Is Breakfast Still the Most Important Meal of the Day?

Is Breakfast Still the Most Important Meal of the Day?

We’ve been told since we were kids that breakfast is the most important meal of the day. It was once considered the foundation of any healthy diet, but the morning meal may now be negotiable. Skipping breakfast at least a few times each week will kick-start your metabolism and boost your energy.

The belief that we won’t have any energy unless we have a bowl of oatmeal in the morning may be untrue. Original research on whether breakfast made an impact on health did find that healthier people ate breakfast. But as we know, data alone doesn’t always tell the whole story.

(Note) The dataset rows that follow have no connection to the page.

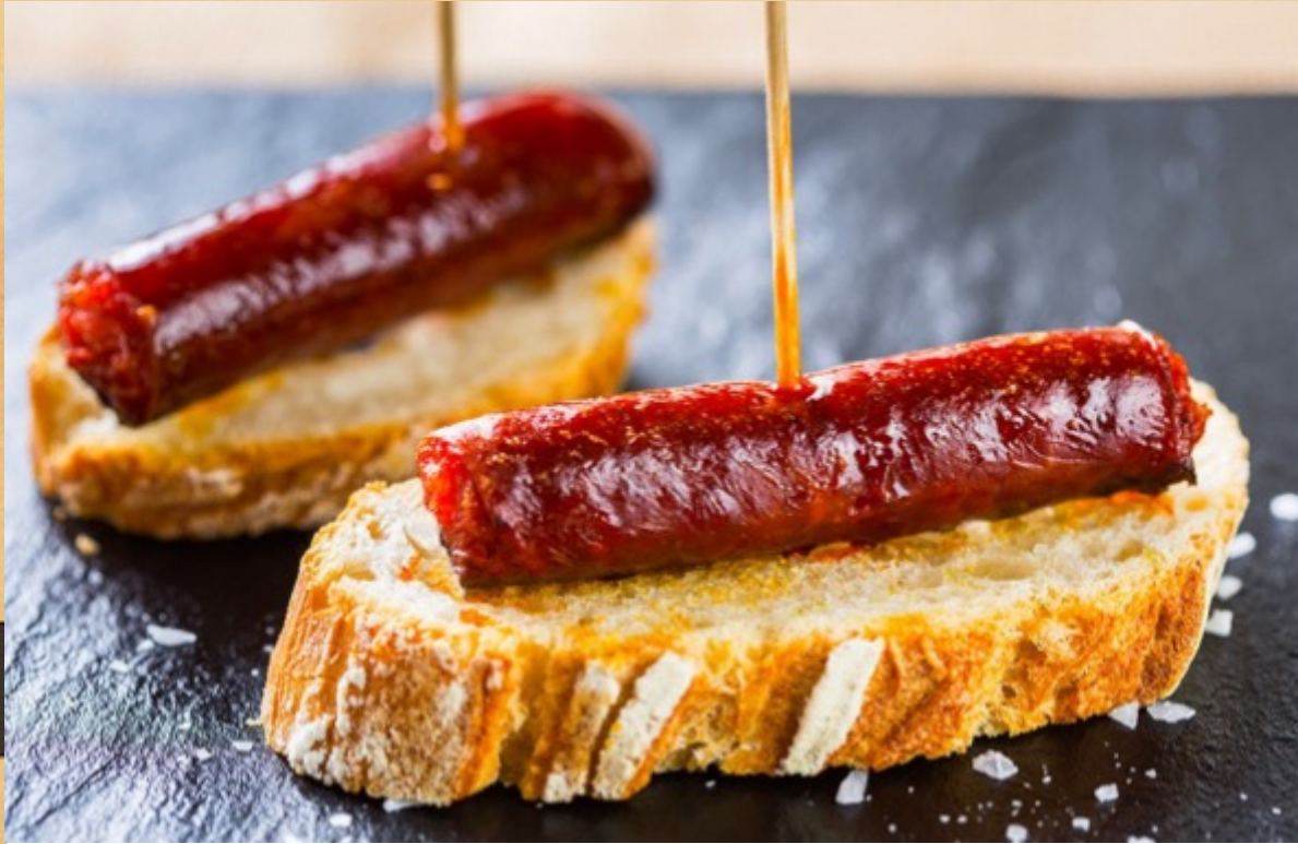
TXISTORRA (PORK BELLY CHORIZO)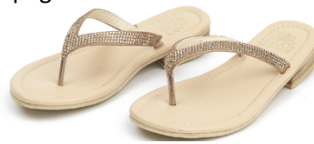
Sofie - $ 70 Champagne and Clear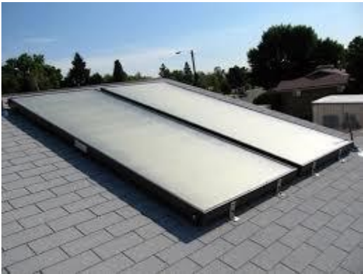
Figure 1. Solar Water Heater Panels (National Renewable Energy Laboratory)

There are basically two types of solar panels. They look similar but are very different in construction and function. A solar heat panel basically produces hot water or air and can be constructed of wood, tubing, and glass panels (Figure 1). A solar photovoltaic panel is made up of silicon wafers and converts sunlight into direct-current electricity which can power appliances (Figure 2). The silicon material is very advanced, and these panels must be bought from manufacturers.

“Lots of people who skip breakfast or practice intermittent fasting are healthy, too,” says Dr. John Berardi, co-founder of Precision Nutrition. “About 85 of the clients we work with eat breakfast and tend to follow a guideline of eating small, frequent meals throughout the day, but that’s largely to help them learn to practice healthier eating habits. If you’re a person who regularly makes good nutritional choices, then eating breakfast is more negotiable.”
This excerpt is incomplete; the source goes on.